Literally, thousands of them. The directory Bio doesn't exist, is now 'bio'. and has just one url, index.html/ But somewhere along the line bing is trying to crawl these crazy non-existent urls. No other engine is crawling them, and they don't seem to exist. Bing's webmasters tools aren't showing a bunch of 404 errors, only a few, and none with this kind of url thing.

So the problem is it generates a 404, which is called and created dynamically by wordpress. Here's what I did:

In the .htaccess file, added

RedirectMatch 301 ^/Bio/ http://www.skolaiimages.com/bio/index.html


So now every one of those bad urls just goes to a correct bio, and static page. Is there a "better" way to configure this, rather than now having thousands of redirects, just have a script or code that says 'Bio"/anything doesn't exist?

Another option is to reconfigure wordpress so it isn't pointed to the root directory, I only made this change recently, so it wouldn't be too big a deal to switch it back and have a static html page as the home page again, and everything wordpress operate within its own directory (/journal/). That should mean any 404s from that above set of urls is not generated dynamically, but calls a static page, correct?

And/or drop wp-super cache, and switch to W3 Total Cache, which allows caching of 404 pages (Super Cache does not).

My access logs show as many as 5000 hits by bing/msn to these bad urls. Is it likely that this is causing the CPU problems?

I've slowed the crawl rate down, via webmasters tools, and and also via this

User-Agent: *
Crawl-delay: 30


in the robots.txt file, but those didn't seem to change anything. I just made the 301 redirect for Bio today, so don't know yet whether the resource usage has slowed at all.

I apologize for the long and convoluted introductory post. I've been having such a hard time with this, and am in WAY over my head on this. Any and all help is much appreciated.

Thanks so much.

Cheers

Carl

lucy24

2:11 am on May 1, 2012 (gmt 0)

WebmasterWorld Senior Member 10+ Year Member Top Contributors Of The Month



Whoops! How did we get to a second page? Last post on end of page:
Out of curiosity, how do I rewrite something like this

website.com/folder/file-name.html%3Cbr%20/%3E50

or similar? I'm seeing something like that on google's webmasters tools .. i deleted it, but I do know it drives some traffic. I tried this but it doesn't work.

# RewriteRule ^folder\/file-name\.html(.*)$ http://www.example.com/folder/file-name.html [R,L]

Didn't work. I then tried leaving the $ off the first part, after the (.*), and it nearly worked, but still tagged some kind of code <br%20/>50 or something similar.

It's not a huge deal, but I am starting to see more of these links from truncated urls, etc and thought it might be possible to resolve them correctly?

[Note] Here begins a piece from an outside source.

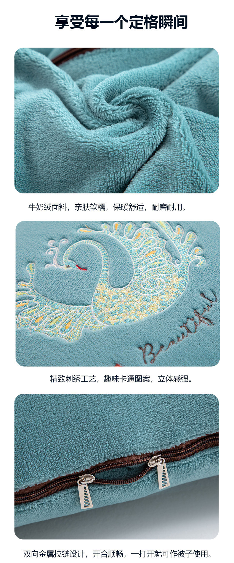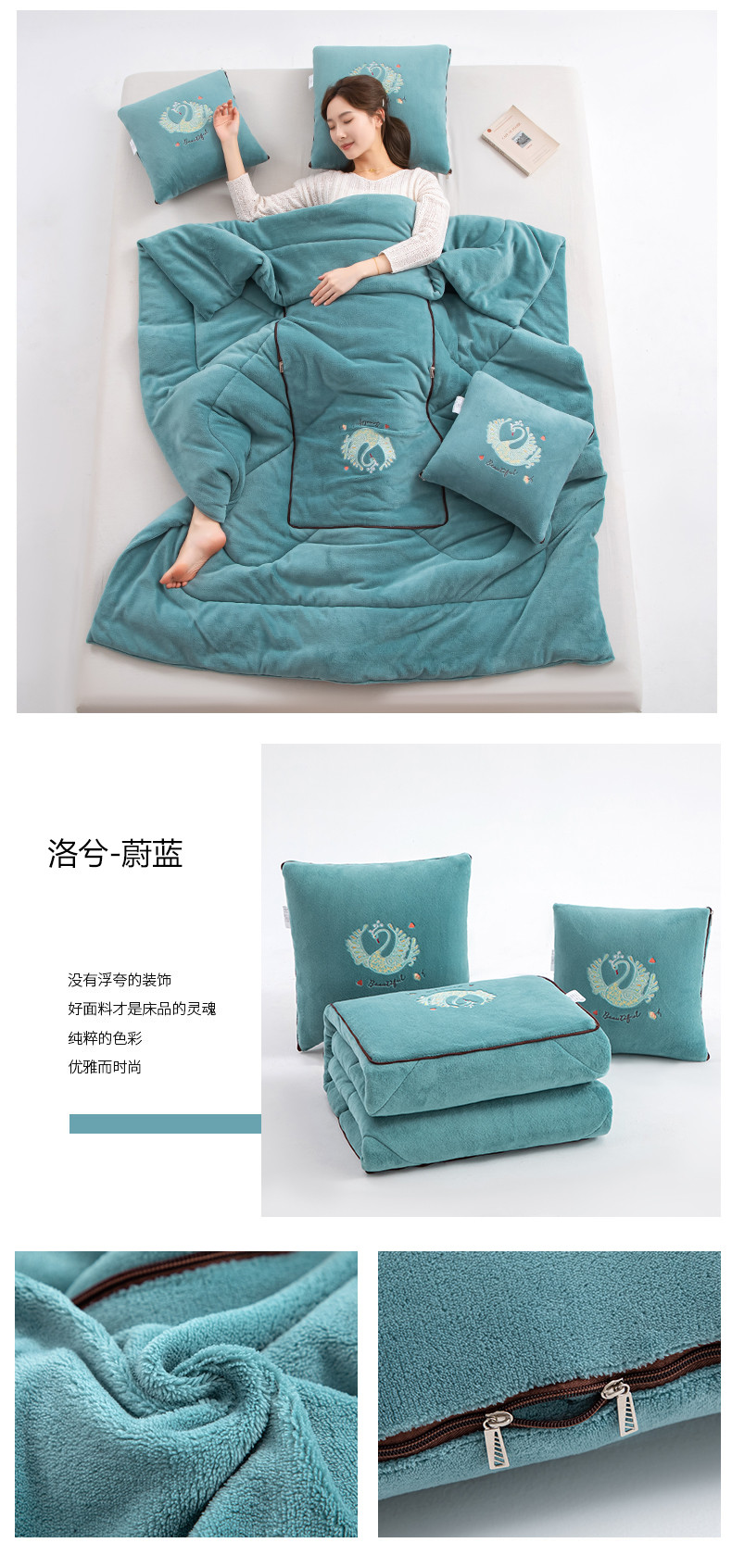 商品名称:翰轩家居 2023新款牛奶绒轻奢大牌风刺绣抱枕被 洛兮-蔚蓝

:: mutter, grumble, you really gotta use example.com ::

Now homing in...

<br%20/>50 or something similar

! I know what that is and it isn't your fault and you don't need to do anything about it unless it's a really important link and someone at the other end goofed and now you can't get them to fix it.

:: pause for breath ::

%20 is a space. The other % pieces seem to have been de-escaped on their own: %3C and %3E to < and >. What you have there is yet another variation on g###'s fondness for taking everything and anything as an URL. In this case, it's a legitimate URL that isn't anchored, so instead it is immediately followed by the xhtml line break <br /> ... and then by who-knows-what on the next line!

Remember, you don't need to escape directory slashes in mod_rewrite. And here you must say .+ rather than .* because otherwise you will get into an infinite redirect when there is nothing after the html. And, ahem, you want [R=301,L]. After all, you're not planning to go back to the .html<br />50 form next week, are you?

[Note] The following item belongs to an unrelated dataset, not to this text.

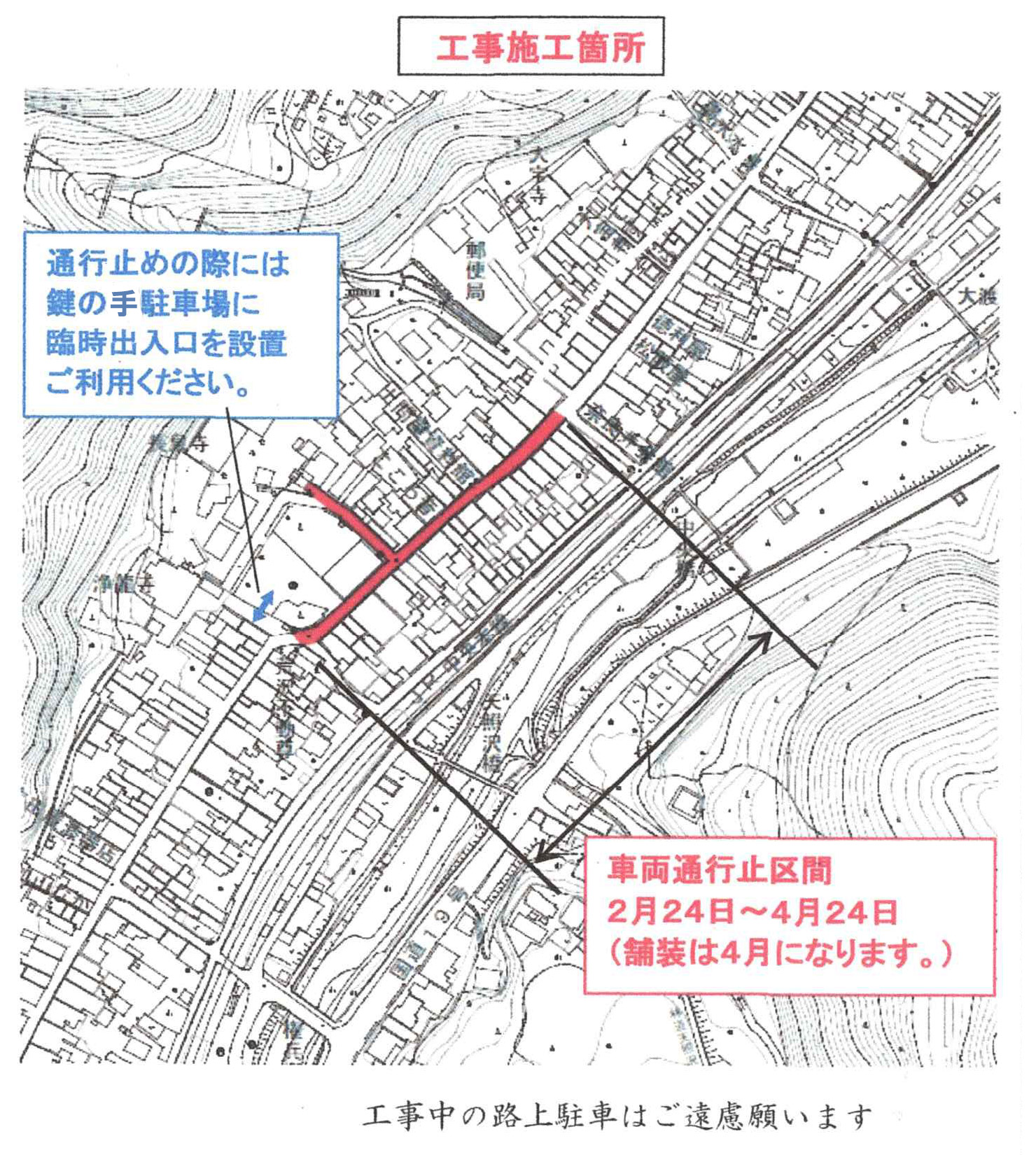 工事期間中の路上駐車はご遠慮ください。

If there are actual humans at the end of those garbled link-oids, try to hunt down the source and get it fixed. Otherwise, ignore it. You can certainly make a RewriteRule that says

.. ^([^.]+\.html).+ http://www.example.com/$1 [R=301]

if it's happening a lot with legitimate URLs. Or spell out the exact URL(s) if there's only a handful of them. It looks as if they're all coming from the same place, though.

Aussiefoto

2:41 am on May 1, 2012 (gmt 0)

10+ Year Member



Hey Lucy

Ahhh .. thanks ..

I'm unsure about the first comment " mutter, grumble, you really gotta use example.com :: " ? I thought I DID use example.com or 'website.com' .. is there a difference? I thought it was just to (a) avoid using your own site for promo and (b) to not recreate the bad links.

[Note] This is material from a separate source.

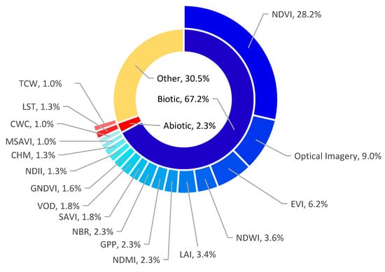 The Normalized Difference Water Index (NDWI) is another less frequently used indicator, used in nearly 4% of the studies; this indicator aims at monitoring the structure and biomass of trees affected by drought [30,43,44]. Noticeably, the Leaf Area Index (LAI) ranked in fifth place with 3.4% of the studies; 2.3% of the studies involve the Normalized Difference Moisture Index (NDMI), Gross Primary Production (GPP), and Normalized Burn Ratio (NBR). LAI takes into account plant or canopy water content [45,46] and is useful in estimating forest density and mortality [47,48]. The remaining indicators are used in less than 2.3% of the literature reviewed.

Remember, you don't need to escape directory slashes in mod_rewrite


so you mean I could have just written it like this?

RewriteRule ^folder/file-name\.html(.*)$ .... 


without the backslash after "folder"?

Oh no. if that's so, I have to edit a bunch of them. I thought you had said earlier to do that, but I see you didn't ... I just don't know what all the jargon means, but I get it now ... just for stuff like \.html etc and not in the target.

And, ahem, you want [R=301,L]


Yeah, my bad .. I had been playing with [R,L] as I was working on it, rather than 301, but when I couldn't get it to work, I just left it as is.

Oh .. btw .. I DID drop the "index.html" from the urls in the navigation .. so bio/index.html now is just /bio/ .. and any folders where the url inside is not index.html I put a rewrite for the folder/ to point to the correct url

Rewrite ^anwr/$ http://www.example.com/anwr/anwr-rafting-trip.html [R=301,L]


Correct?

Just so I know, what's the issue with having a link to bio/index.html etc?

And here you must say .+ rather than .* because otherwise you will get into an infinite redirect when there is nothing after the html.


Ah ha! I got that infinite redirect and that's one of the reasons I dropped the whole thing.I'll try the .+ like you suggested.

It's not happening too much, but it does seem to be increasing. A more common one is truncated urls ... www.example.com/anwr/anwr-ra.... etc .... I just ignore those usually.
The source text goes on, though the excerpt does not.